Often, while on the hunt for the next gut-wrenching Weekend Whipper clip, our staff watches hordes of anticlimactic climbing videos and closes their laptops feeling underwhelmed. And that’s a good thing. We don’t need—nor want—a steady stream of climbers slicing their ropes or ripping out most of a pitch of gear. Whippers, in practice, shouldn’t be Weekend Whipper-worthy; they should be fun.
So with that caveat, we will admit that this week’s whipper started off with that same uninspired perspective. He looks so solid, we thought, he’s barely trying—and his rope is where it should be! The ever-clicking finger paused, though, trusting the #whipper hashtag he’d thoughtfully tagged in his post, and waited. Oh shit.

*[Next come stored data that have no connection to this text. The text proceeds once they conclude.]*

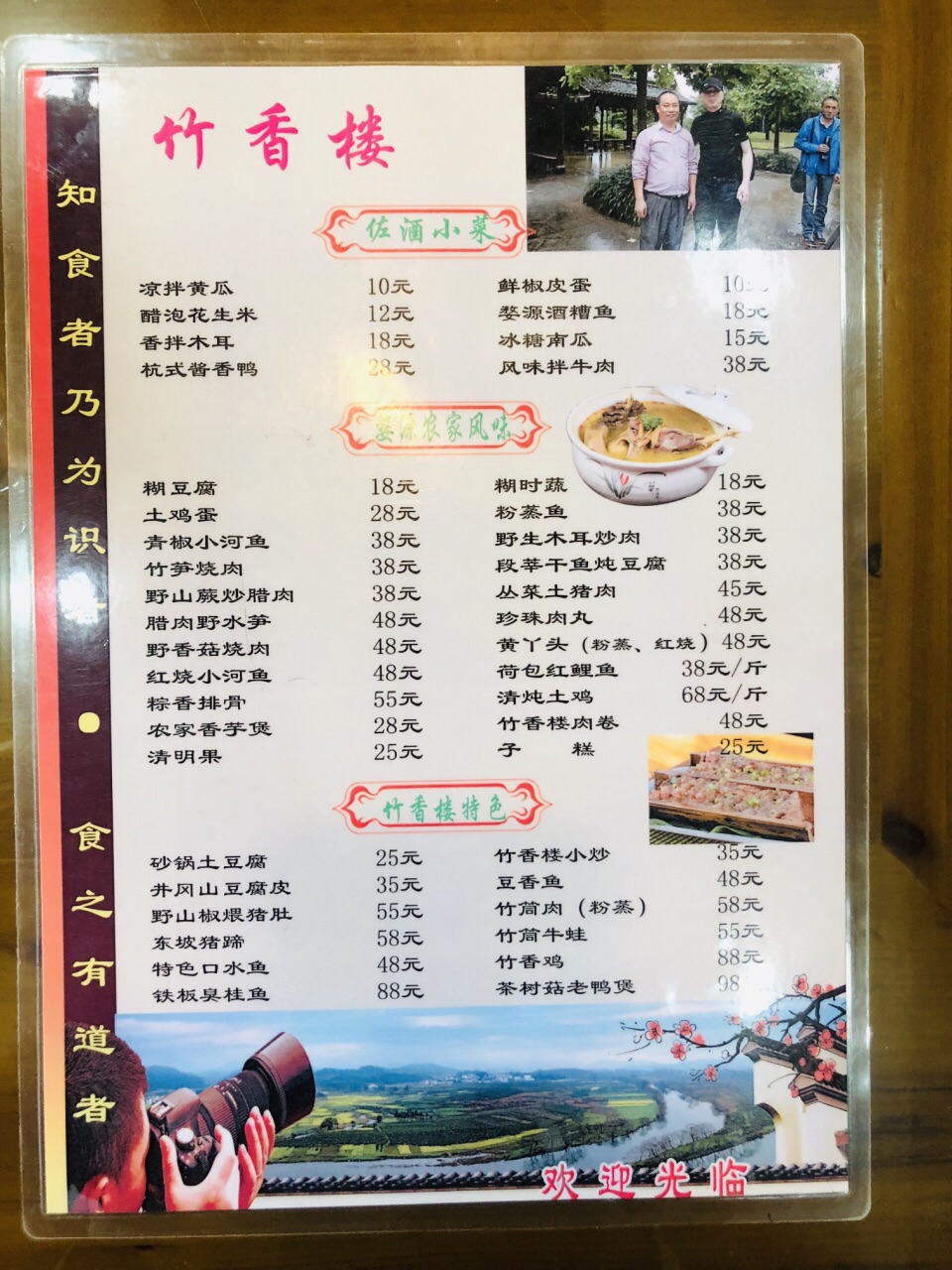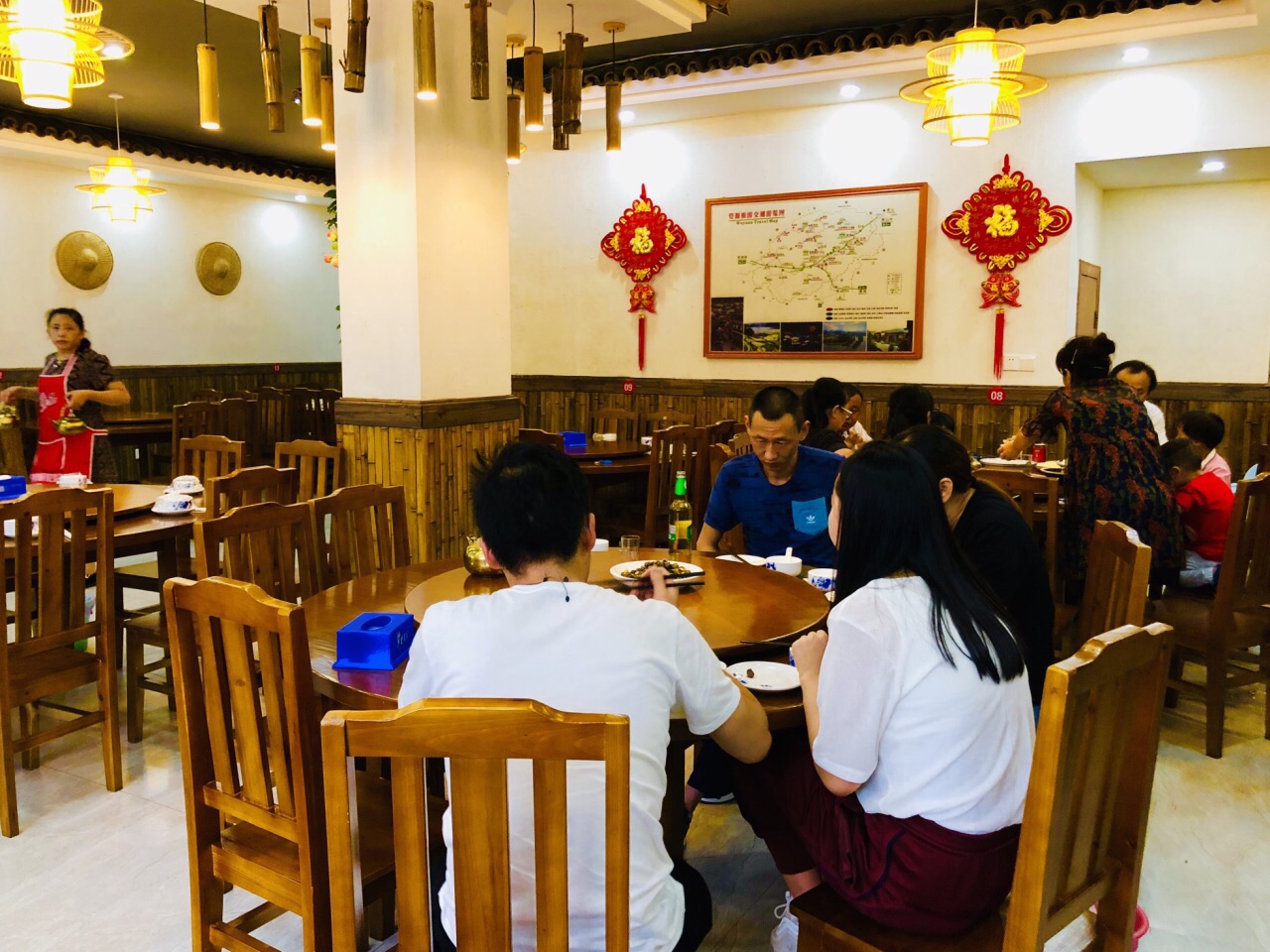今天走了四个景点消耗了不少卡路里,晚上就在酒店附近找一家农家乐菜祭下五脏庙。进门了才知道这家原来也是导游推荐的一家店。门口还竖了店主和冯小刚的合影,anyway,我只是来吃饭而已。根据老板娘说这家店已经开了有九年左右了。从装修风格上来看呢也属于比较简约的,但是跟周边的饭店比起来说还是比较新的,应该是新装修过不久。拍黄瓜,微辣型,其中有一段不太好吃,其他还可以。水煮野生鱼,放泡椒了吧,黄辣丁,有点刺,中辣,小伙伴居然喜欢吃里面的汤汁拌饭。炒螺丝,应该是下酒菜,唆起来不太困难,每只螺丝屁股都剪掉了。糊豆腐算是地方特色菜,因为前面吃的比较重口,后面就尝不出什么味道了,加了米粉的豆腐,吃起来味道比较奇异。安利清蒸红鲤鱼,鱼肉是改过刀的还比较入味,非常的鲜嫩,价格不贵,50块都不到一条。手撕包菜就是香辣味,一般。韭菜炒蛋中的韭菜老了点!米饭吃起来比较粗糙,咽不下去的感觉。总体性价比还不错,老板娘服务态度还ok。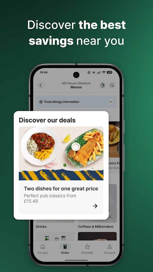 Заходите ли вы выпить пинту пива, насладиться едой, выиграть фантастические призы или проверить свои навыки в Pub Match, приложение Greene King Pub and Restaurant сделает каждый визит более приятным, быстрым и увлекательным. От заказа по меню до поиска ближайшего паба, безопасной оплаты и получения наград — это приложение станет вашим идеальным спутником в каждом посещении Greene King.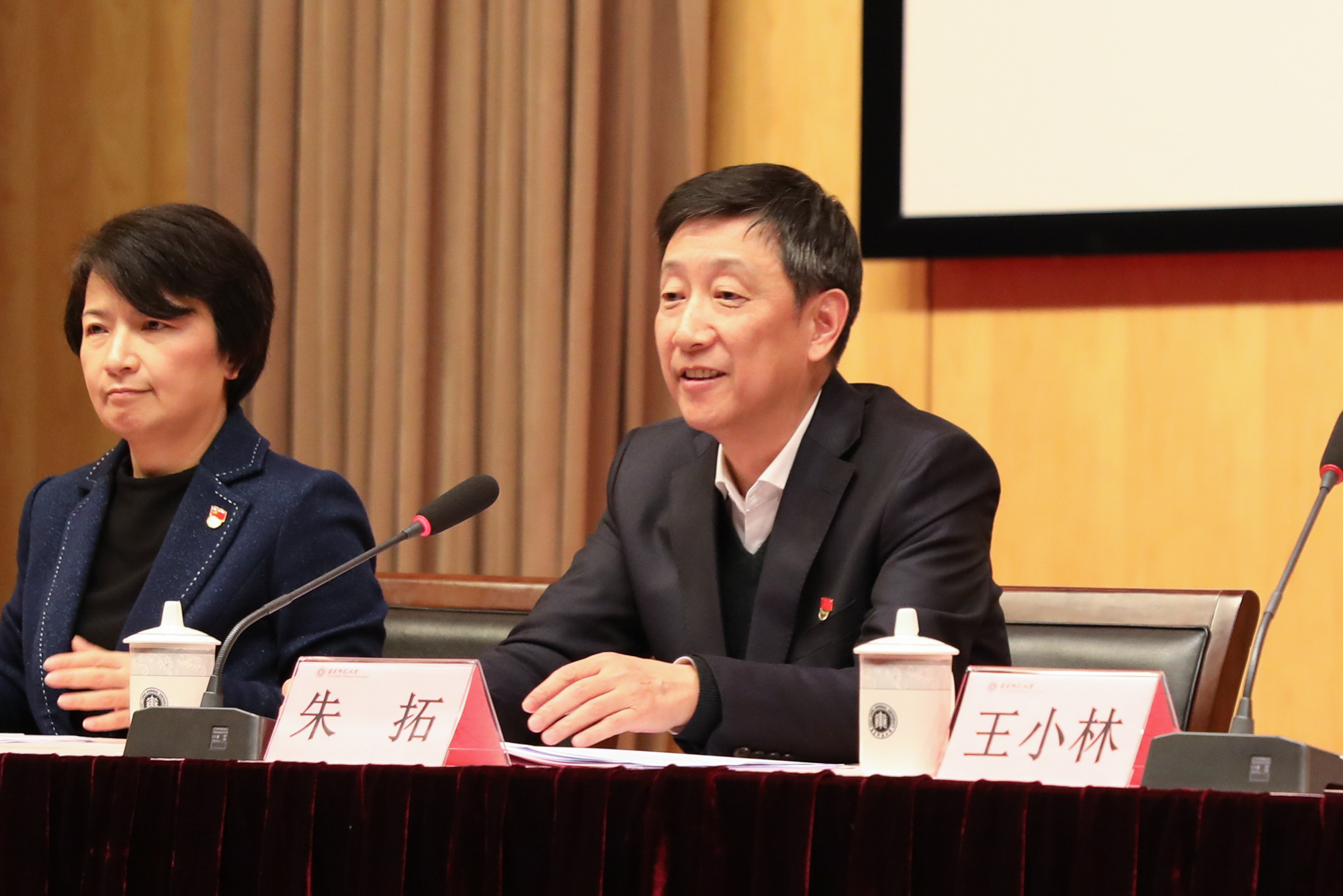 梅兵首先通报校领导班子2019年度民主生活会情况。在教育部第六巡回指导组的指导下,学校于12月9日召开了校领导班子“不忘初心、牢记使命”专题民主生活会。校领导班子成员紧扣学习贯彻习近平新时代中国特色社会主义思想这一主线,聚焦不忘初心、牢记使命这一主题,突出力戒形式主义、官僚主义这一重要内容,紧紧围绕为党育人、为国育才,围绕理论学习有收获、思想政治受洗礼、干事创业敢担当、为民服务解难题、清正廉洁作表率的目标,紧密联系思想和工作实际,切实查摆问题,深入剖析根源,严肃开展批评和自我批评。会议还明确提出了努力方向和整改措施:一是进一步强化政治建设,全面加强党对学校发展的领导;二是进一步强化理论学习,持续提升理论学习水平和实效;三是进一步强化作风建设,形成学校事业发展的更大合力;四是进一步强化责任担当,推动内涵建设工作取得新成效;五是进一步发挥廉政表率作用,持续压实落细主体责任。关于会后工作推进,梅兵表示,领导班子将认真梳理前阶段主题教育中查找出来的问题和专题民主生活会上查摆的问题,以及相互批评中提出的意见,进一步细化完善整改措施,扎实推进整改落实,并定期督查整改情况。校领导班子成员要针对个人存在的问题列出整改清单,尽快整改,起到率先垂范的作用。
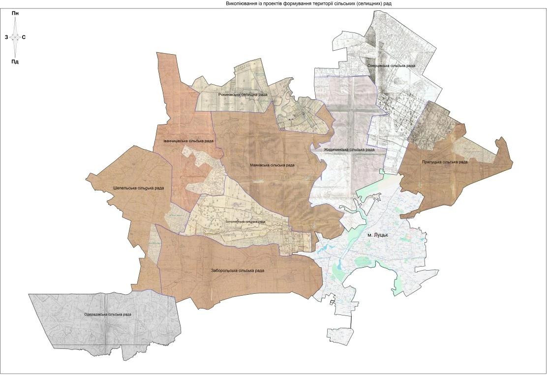 «При формування проекту встановлення меж території Луцької міської територіальної громади Луцького району Волинської області використані копії матеріалів з Державного фонду документації із землеустрою, а саме картографічні матеріали проектів формування території та встановлення меж Боголюбської, Жидичинської, Заборольської, Іванчицівської, Маяківської, Одерадівської, Озерцівської, Прилуцької, Рокинівської, Шепельської сільських рад Луцького району Волинської області», – йдеться в документації фірми-розробника «Лекстатус груп».

Indeed, all is well until it’s not.
Satoshi Yokogi was climbing Special Lunch (5.13a) at Yoshitsuneiwa, near Hokkaido, Japan. He’s at the crux in this clip: a distant, powerful move to a right-hand jug. “But the jug is too far for me,” Yokogi explains, “so I set my left hand on a bad crimp that probably nobody uses.” Now, with the positive hold within reach, Yokogi hikes his feet up and launches—but his left leg swoops up, as if to prepare for the Tree Pose. “Then the world turned upside down,” he says.
Next time, Yokogi says he’ll take a helmet—something that our scarred-for-life Whipper curators can’t live without.
Happy Friday, and be safe out there this weekend.
Weekend Whipper: Fall of the Century on “Crime of the Century”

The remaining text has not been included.